The Fisher-Miller Colony (or Fisher and Miller Colony) encompassed present-day Concho, McCulloch, San Saba, Menard, Mason, Llano, and Kimble Counties. In the 1840s and 1850s, the Fisher-Miller Colony's boundaries existed deep into Comanche territory. Unforeseen circumstances caused delays in recruiting families, and led Henry Fisher to repetitively secure extensions through the Texas Legislature. These extensions directed the Texas General Land Office commissioner to continue issuing certificates to colonists until 1855. From approximately 1846 to 1850, the colonists were required to sign agreements that transferred half of their acreage to the German Emigration Company to pay for roads, plows, livestock, and other improvements. In 1847, the commissioner-general for the German Emigration Company, John O. Meusebach, secured a treaty with the Comanche. While this opened up the land grant area to colonization, many of the immigrants had already settled in the areas in and around New Braunfels and Fredericksburg, both outside of the Fisher-Miller Land Grant.

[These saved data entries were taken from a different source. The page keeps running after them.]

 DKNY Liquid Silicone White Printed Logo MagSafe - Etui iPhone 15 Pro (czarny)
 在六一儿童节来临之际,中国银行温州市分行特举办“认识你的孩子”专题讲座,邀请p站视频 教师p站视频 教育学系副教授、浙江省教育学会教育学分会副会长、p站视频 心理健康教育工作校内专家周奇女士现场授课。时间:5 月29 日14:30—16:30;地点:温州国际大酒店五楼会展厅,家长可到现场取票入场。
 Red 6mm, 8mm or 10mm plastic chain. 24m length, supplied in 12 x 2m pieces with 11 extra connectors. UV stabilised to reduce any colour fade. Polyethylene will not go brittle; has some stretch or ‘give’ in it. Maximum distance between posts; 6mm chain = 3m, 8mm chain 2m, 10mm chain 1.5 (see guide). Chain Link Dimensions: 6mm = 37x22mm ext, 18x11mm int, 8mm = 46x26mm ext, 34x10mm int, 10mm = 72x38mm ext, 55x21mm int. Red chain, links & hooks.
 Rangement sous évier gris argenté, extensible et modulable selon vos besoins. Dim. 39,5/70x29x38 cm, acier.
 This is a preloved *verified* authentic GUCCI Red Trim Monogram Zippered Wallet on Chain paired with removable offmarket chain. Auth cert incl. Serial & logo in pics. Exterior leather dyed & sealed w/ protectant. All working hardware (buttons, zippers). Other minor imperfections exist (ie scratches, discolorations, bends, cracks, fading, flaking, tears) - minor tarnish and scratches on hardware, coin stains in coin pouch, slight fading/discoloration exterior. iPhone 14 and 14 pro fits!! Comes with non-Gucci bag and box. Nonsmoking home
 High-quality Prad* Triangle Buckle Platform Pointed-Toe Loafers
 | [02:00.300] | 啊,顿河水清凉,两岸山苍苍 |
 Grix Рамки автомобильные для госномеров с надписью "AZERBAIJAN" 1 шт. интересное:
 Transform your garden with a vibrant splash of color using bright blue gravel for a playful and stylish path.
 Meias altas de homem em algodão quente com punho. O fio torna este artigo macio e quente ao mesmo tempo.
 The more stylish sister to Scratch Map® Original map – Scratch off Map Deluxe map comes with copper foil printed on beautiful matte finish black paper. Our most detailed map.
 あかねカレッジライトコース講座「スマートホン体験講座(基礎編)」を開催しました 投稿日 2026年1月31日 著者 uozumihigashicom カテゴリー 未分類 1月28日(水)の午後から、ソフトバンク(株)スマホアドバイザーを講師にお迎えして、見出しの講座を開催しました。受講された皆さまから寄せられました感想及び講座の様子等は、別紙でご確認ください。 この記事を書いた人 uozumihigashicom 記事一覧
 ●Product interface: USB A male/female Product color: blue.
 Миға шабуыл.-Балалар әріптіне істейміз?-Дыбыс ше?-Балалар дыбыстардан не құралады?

W.F. Evans (1848-1849), Joseph P. Portis (1850), Granville H. Sherwood (1851-1854), and John O. Meusebach (1854-1855) served as commissioners for Fisher-Miller Colony. Between 1849 and 1855, 3,488 certificates for land were issued to colonists. Because many had settled outside the land grant area, the vast majority of colonists sold their certificates to other parties.
By 1851 the German Emigration Company's creditor sued the company to recover losses. Soon after, the owners of the German Emigration Company surrendered all of their interests in the company to their creditors. Fisher and Miller were compensated with 160 640-acre certificates and 100 320-acre certificates. Other creditors received 20 640-acre certificates and 40 320-acre certificates.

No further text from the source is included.